Analysts remain bullish on stocks


Associated Press

NEW YORK

What’s the difference between an ostrich and a Wall Street analyst? An ostrich occasionally takes its head out of the sand.

Despite a flurry of signs that the economy is slowing, stock analysts — nearly every single one — have remained bullish on stocks. Greece may be hurtling toward default, the U.S. unemployment rate remains high, and house prices are still declining. But the hundreds of pros paid to tell us when to buy and sell stocks have barely touched their call for fast growth in corporate sales and profits for the next several quarters.

“There’s a lot of optimism here,” says Howard Silverblatt, chief index analyst at Standard & Poor’s. “They’re predicting the second half of the year will be the best ever for profits. Do you feel that way?”
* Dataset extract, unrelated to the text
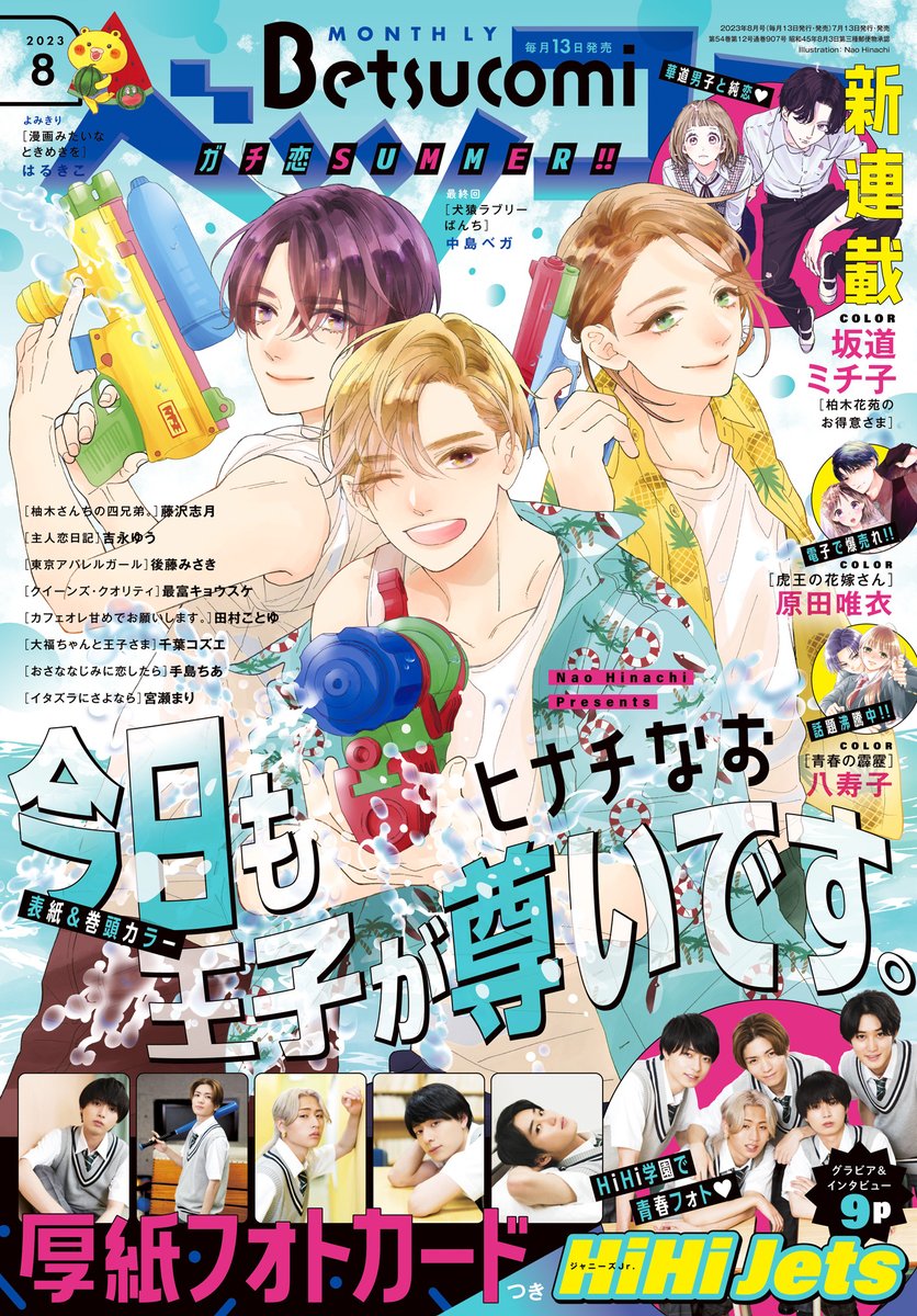 33 234 ベツコミ8月号、本日発売です。 「今日も王子が尊いです」の爽やかイケメン表紙。涼し気でいいですね~! クイーンズ・クオリティ91話も掲載です。過去編真っ最中なのであえて玖太郎の扉絵。とはいえ今月はけっこう玖太郎出てます。タカヤも。 23/07/13 12:09

Of course, no one can predict with certainty whether the economy will slow to a crawl or even fall into another recession. But what’s startling is the near unanimity among these prognosticators.
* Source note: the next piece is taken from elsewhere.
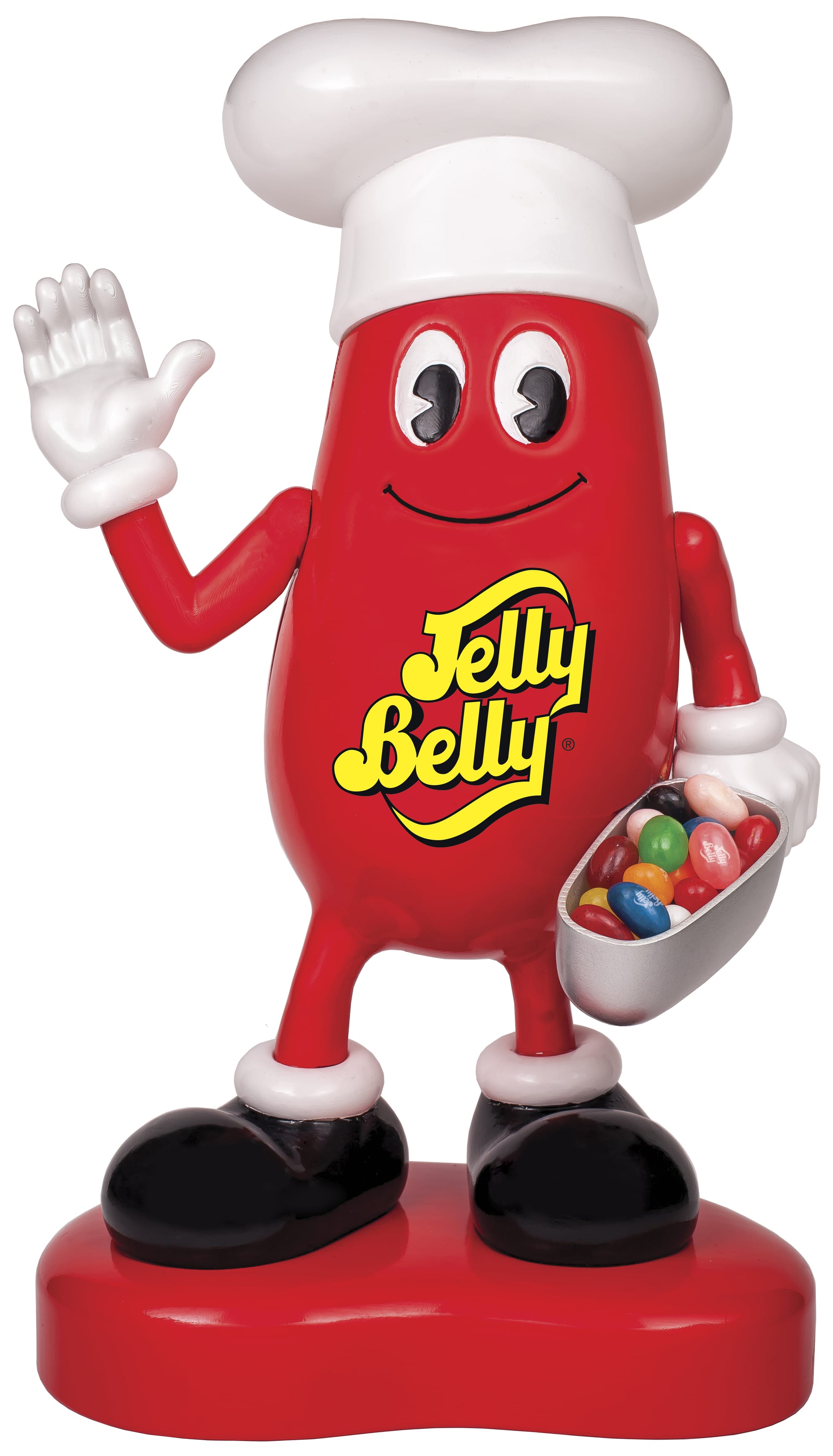 • The Mr. Jelly Belly Standing Bean Machine Dispenser serves up a scoop of Jelly Belly beans by pulling down on Mr. Jelly Belly’s waving arm. The dispenser holds up to 5.7 ounces of Jelly Belly jelly beans.

They believe that the economy won’t get much worse and say we’d be foolish to sell stocks despite a near-doubling in prices in the past two years.

Among the 9,015 analyst recommendations on S&P 500 stocks available today, only 300 are to sell, or 3.3 percent, according to data provider FactSet.

That’s the same proportion from a month earlier when the economy was considered to be in better shape.

All else being equal, you want to sell if you think profit growth could slow.